Scottish Government’s decision to no longer allow Scottish farmers and crofters to link the holdings on which they will keep cattle, for the purposes of recording movements, is a cause for concern that could lead to problems for many cattle keepers.

Indeed, in the North East, producers have already taken their worries about the changes direct to their MSP.

NFU Scotland has fought against such a change for nine years but Scottish Government will introduce a new cattle movement recording system – ScotMoves – operating through ScotEID in the New Year.  

Such links between holdings for the purposes of recording cattle moves are not permitted under EU legislation and the Scottish Government’s veterinary officials have been resolutely against such links being permitted because of concerns over traceability of animals in the event of an animal disease outbreak.

In a bid to strike a compromise, NFU Scotland sought to introduce a system to mitigate some of the problems caused by linked holdings, including asking that a system similar to that proposed within England be introduced.  The English movement system permits associations between holdings that are within 10 miles of a main holding but regrettably this, or similar systems, were rejected by Scottish Government.

Scottish Government, in consultation with NFUS and other stakeholders, has instead developed a new reporting system – ScotMoves - to be used for reporting within business moves of cattle as an optional alternative to reporting these moves through the British Cattle Movement Service’s Cattle Tracing System (CTS).  

The new system addresses some of the concerns relating to additional movements appearing on passports and ease of reporting but disappointingly there remain issues surrounding the timing of reporting and potential for cross compliance penalties.

The original time frame Scottish Government was going to permit for reporting moves was 36 hours and NFUS did succeed in getting this extended to 48 hours but we still believe this will cause problems for some, placing them at risk of cross compliance breaches if inspected.

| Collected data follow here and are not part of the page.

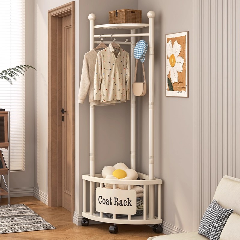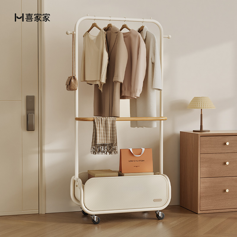 衣帽架落地卧室挂衣架简易移动立式家用客厅衣服置物挂包架收纳篮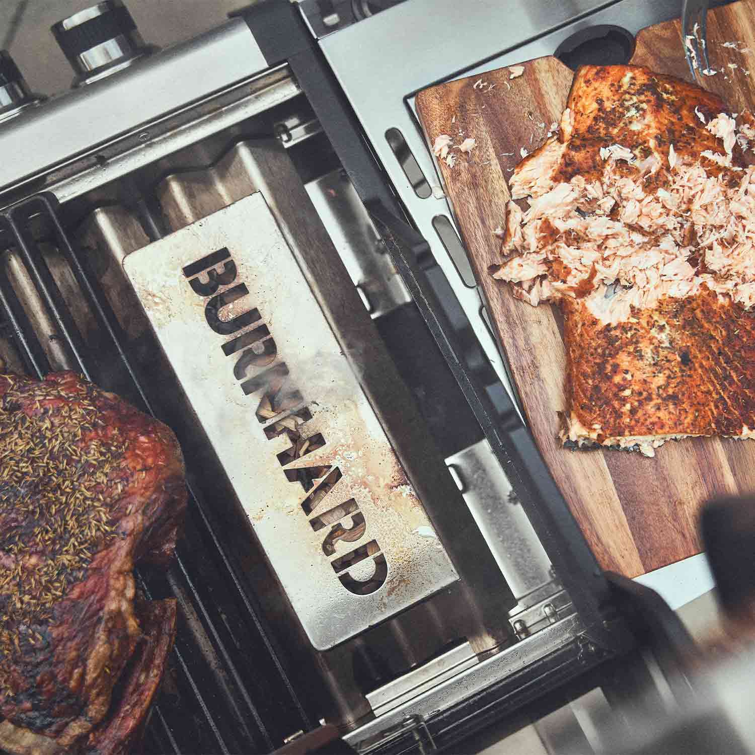 Bei geschlossenem Deckel nur mit dem Backburner langsam garen oder bei voller Power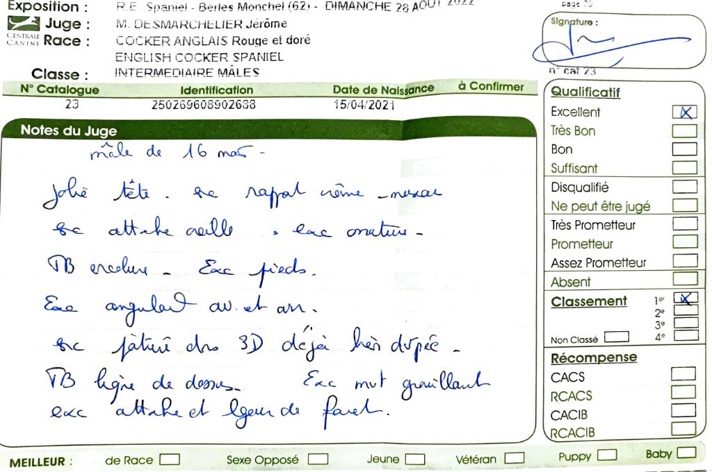 - R.E Spaniel Club Délégation Nord-Pas-de-Calais 2022 : 1er Excellent classe Intermédiaire

We have written to the Cabinet Secretary Fergus Ewing twice in recent weeks asking for support in addressing cross compliance concerns and on the need for the reporting period to be extended from 48 hours to 72 hours.

The Cabinet Secretary has accepted that, in the first year of operation, the new system throws up the potential for accidental errors as farmers try to get to grips with the changes and has indicated that no penalties will be attached to initial breaches.

Disappointingly, Scottish Government has not accepted our case to extend the reporting period to 72 hours and is sticking to a maximum of 48 hours.  That creates the potential for problems over weekends where keepers rely on office staff to report their movements and if the CTS system fails to update the ScotMoves records within the 48-hour timeframe.
 
There are different options available for how farmers will be able to report cattle moves to linked holdings using ScotMoves and we have got agreement that allows either the movement document or sales receipt to be used as the mechanism for reporting such movements.

When a farmer has bought cattle, they can simply scan either the sales receipt or the movement document and fax/email it to ScotMoves with the details of where the animals were moved to (if this is not the main holding).  Receipt of this information counts as notification of the move and so as long as they receive the information within 48 hours you are compliant.

Not ideal, but NFUS remains committed to finding workable solutions to a system that Scottish Government is determined to introduce.